Autofocus cameras come with a cynical thirst for speed and power. This saw the need for larger batteries. The focus became development of motor drives and larger batteries that connected to rapid fire machine-gun-like shutters. Similar to the ones in the movie with our hero Tom Cruise “The Last Samurai” which were eventually his downfall.
The Ninja wasn’t immune to this need for speed – with the optional motor drive speeds of 3.2 FPS could be achieved. I don’t see the need for this speed, or the gargantuan motor drive attachment. It would add a lot of weight to the mix. For me the motor drive is obsolete, as I shoot film to slow down, for a more personal and reminiscent feel, some say for the romance of photography. The Last Ninja is not my work horse. If I wanted speed I would use something else. I feel this is an elegant camera for the purist.
Manually one could never keep up with the FPS of a modern DSLR. Thinking of how fast I could go, makes me hold out my thumb and flick my wrist side to side. The Nikon D780 specs, say it’s capable of 12 frames per second. I would have to have to move my thumb like a Billy the Kid draw, that fast.
Digital photography is great, in the way you can select ISO easier than you can change channels on the TV, also adjusting white balance is a plus, not to mention the marvels of an electronic viewfinder. But enough about those space age features. They just aren’t needed for everything.
I have been putting lots of different film stock through The Last Ninja in the two years I’ve owned it. My two favourite film stocks on this camera so far are Kodak ProImage 100 and Kodak Ektar 100.
I also had the privilege to shoot a well stored roll of Fujifilm Provia 400F. I had kept this roll of film in 3 different fridges in the span of 23 years, very expired yet in very good condition, this film had an effect that left me staring at the images for a long time and left me wanting more, unfortunately this film formula is no longer available.
The last roll of film I ran through “The Last Ninja’s” Belly. The impressive Ilford HP5+. I knew I wanted to create black and white photos with the high contrast look pushed Tri-X gives you. But, when I saw the Ilford images. I was floored with the results. Truly outstanding shadows details HP5 brings to the table. Even pushed HP5 in this case. I will definitely be buying more rolls of HP5 and it will be a hard choice between this and Tri-X.

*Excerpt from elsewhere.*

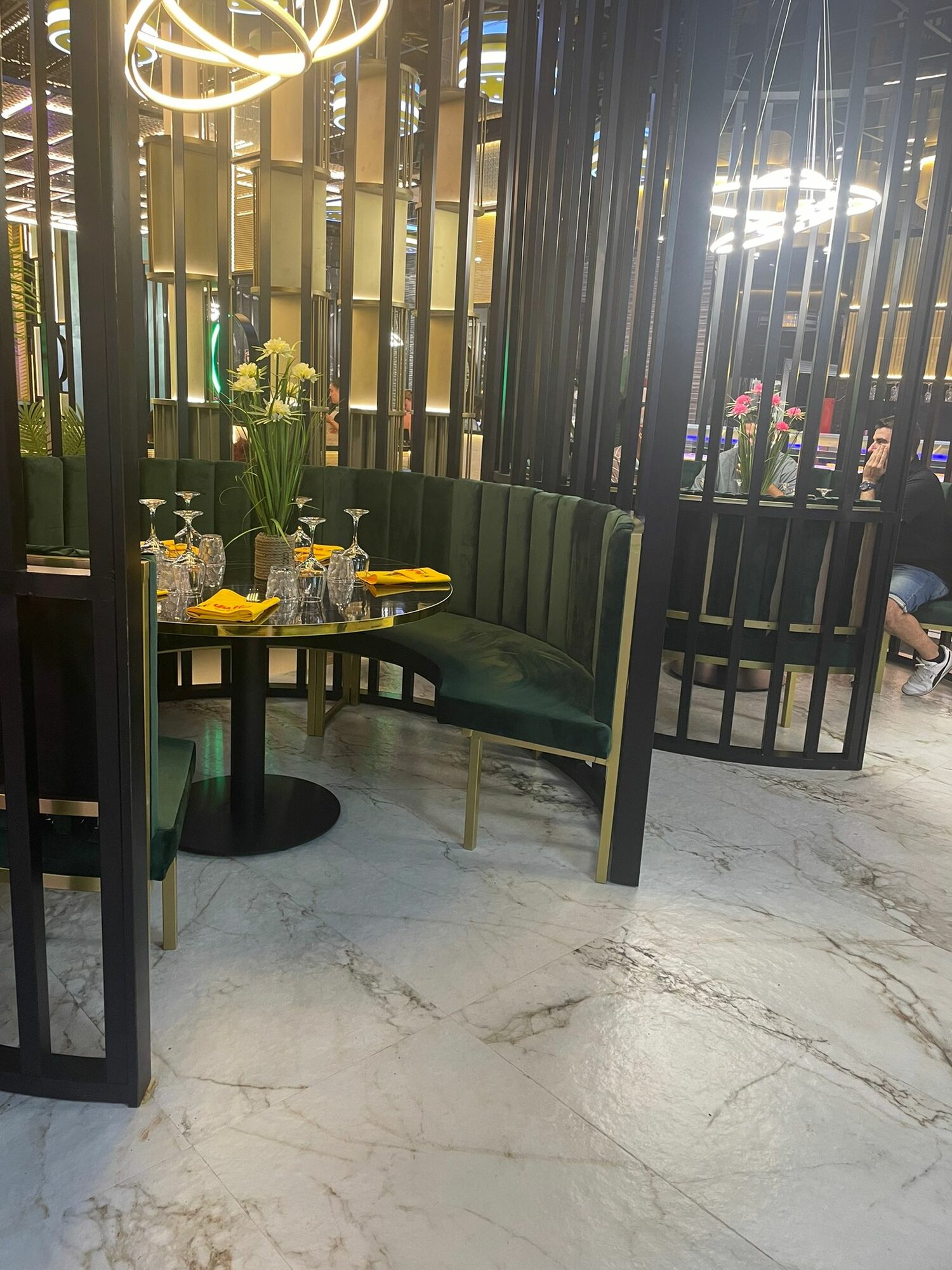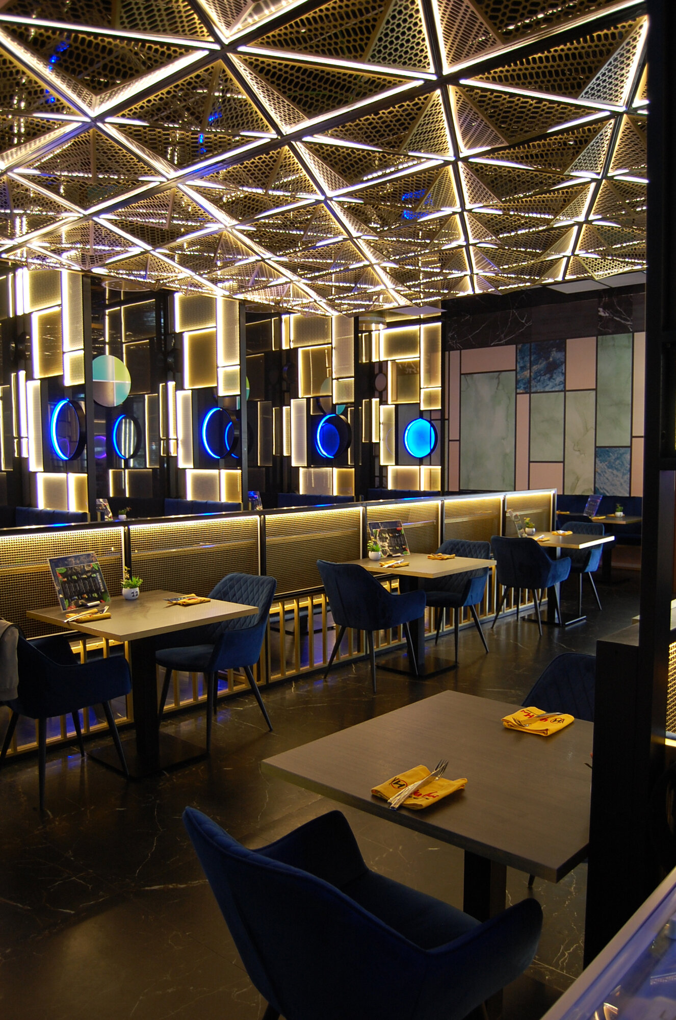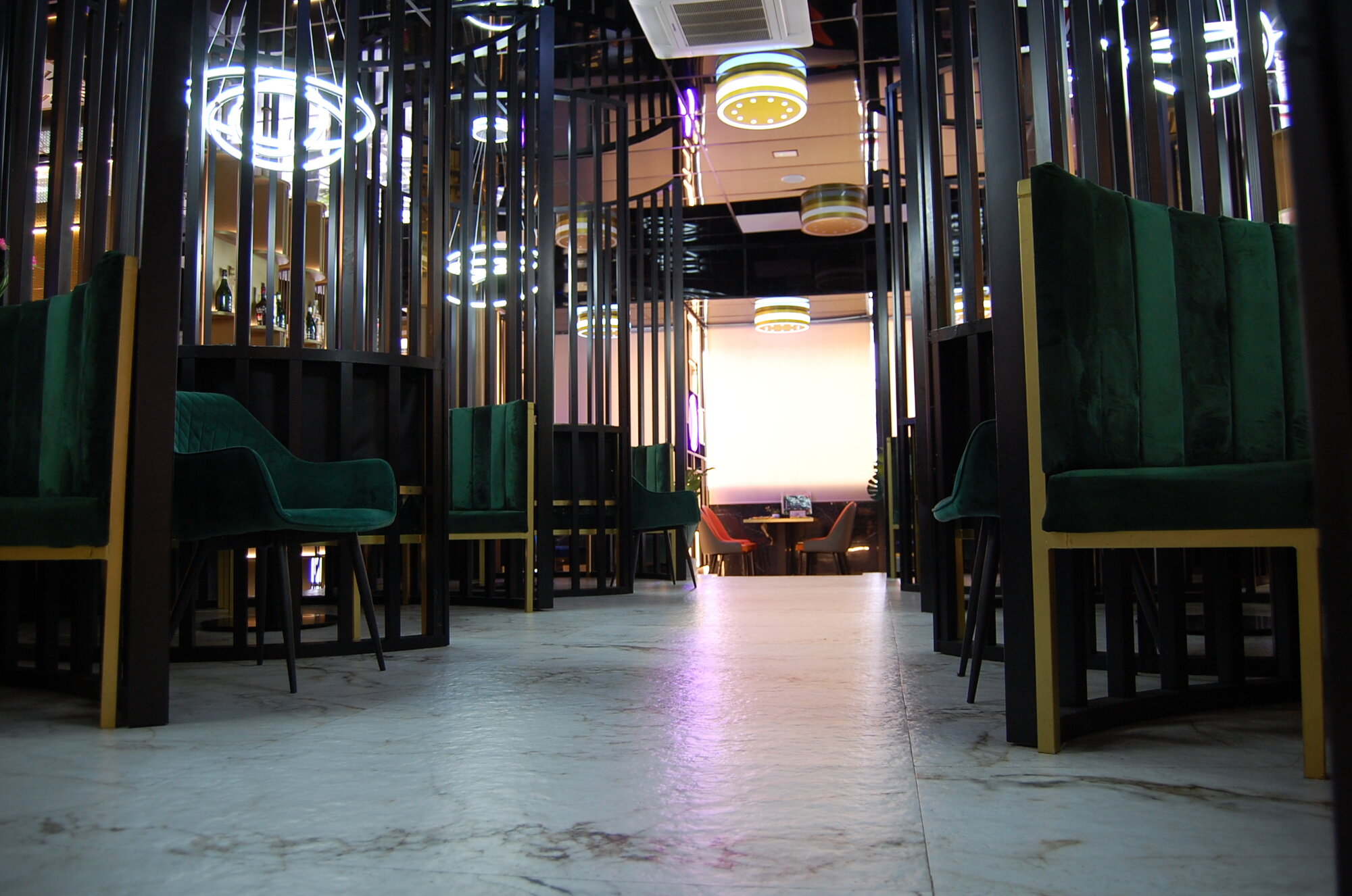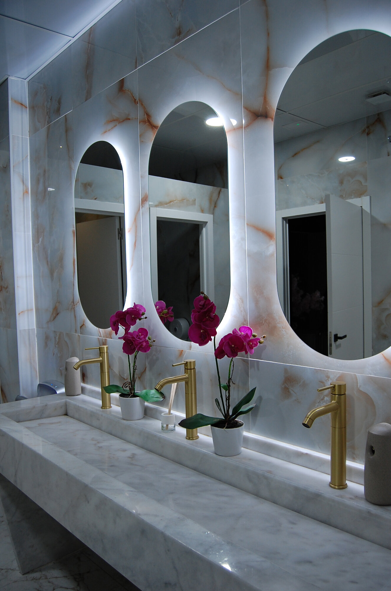 Malgré la grande taille de l’établissement, chaque zone de ce restaurant situé à Alicante (Espagne) est unique et spéciale et offrent une intimité et une expérience complète aux clients. C’est dans cette optique que le sol Night Lux Matt a été intégré pour habiller la majeure partie de l’espace de son noir mat qui souligne la couleur du mobilier et l’éclairage. Les reflets du Night Lux Pol apportent une touche de luxe aux espaces de travail et aux couloirs. Au centre de l’espace, une plateforme avec revêtement de sol Natural Jewell Matt offre plus d’intimité et de contraste, et offre une passerelle esthétique pour relier les salles de bains, qui combinent les modèles Onice Nácar poli au mur et Natural Jewell mat au sol pour créer une sensation de luxe. La rénovation mélange l’actuel avec l’élégance vintage des années 50 d’Hollywood, offrant une expérience sensorielle unique.

The Last Ninja was on the shelves at a strange time. Your average manual focus film photographer looking to update their Nikon FM2, for example, would have been faced with a lot of choices that might have drawn their eye away from FM3A. In the same era it was released, the Nikon F100 might have captured their imagination instead, or maybe even an early digital SLR.
This dilemma and maybe a desire for greater technology didn’t win the FM3A too many fans in its day – it’s safe to say that more people would have left the shops with a bag full of F100 than an FM3A. This was near 20 years ago, it was the time of a photographic revolution. Both the Nikon F100 and FM3A have cult followings today, but you only need to look at the prices of the FM3A to appreciate how popular this camera has become. The Legend of “The Last Ninja” lives on!
For my needs, I’m very happy with The Last Ninja and everything that in gives me. I feel like I have a real piece of history not just a camera over my shoulder. I’m also very happy with the level of scanning being provided by film business supporting the film community today in 2020. Thank you everyone here for keeping film alive. I truly believe that there is a film worldwide renaissance happening, and I’m very happy to be a part of it.
Thanks for reading and keep shooting.